Ayer escuché en la radio, en uno de los actos en memoria del 11-M, a una mujer que decía que las víctimas de los atentados de hace seis años "dieron su vida por la democracia".
Lo siento, pero no. Las víctimas del 11-M no murieron por la democracia. Eran en su mayoría personas inocentes que habían madrugado como cada día, para ir a trabajar o a estudiar. ¿No es algo suficientemente honroso, como para que debamos adornarlo con una retórica hueca?
Por la democracia mueren nuestros militares en Afganistán, o los servidores públicos asesinados por ETA, es decir, aquellas personas que se juegan la vida por el uniforme o el cargo que han elegido, o por las ideas que voluntariamente defienden.

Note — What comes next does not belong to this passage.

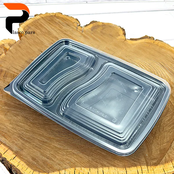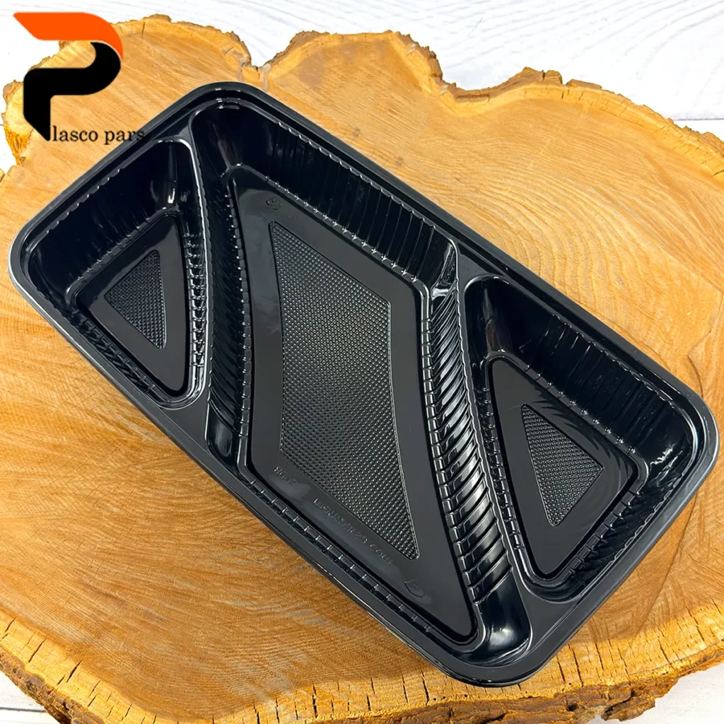 ظرف سه خانه یکبار مصرف می باشد.و قابل استفاده در ماکروویو و دارای مجوز بهداشت میباشد.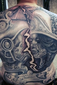 背部古代的玛雅部落主题纹身图案

Pero los pasajeros de los cuatro trenes que los terroristas hicieron estallar el 11 de marzo de 2004 no hacían otra cosa que ocuparse de sus asuntos personales, ajenos a cualquier amenaza. Ello no resta un ápice de nobleza a sus vidas, ni hace menos dolorosas sus muertes, más bien al contrario. Lo indeciblemente trágico es que no murieron por la democracia, sino que murieron con ella, si por democracia entendemos un sistema político al servicio de los ciudadanos y sometido a la Justicia, no uno que sigue sin averiguar quién mató a casi doscientas personas para cambiar el gobierno.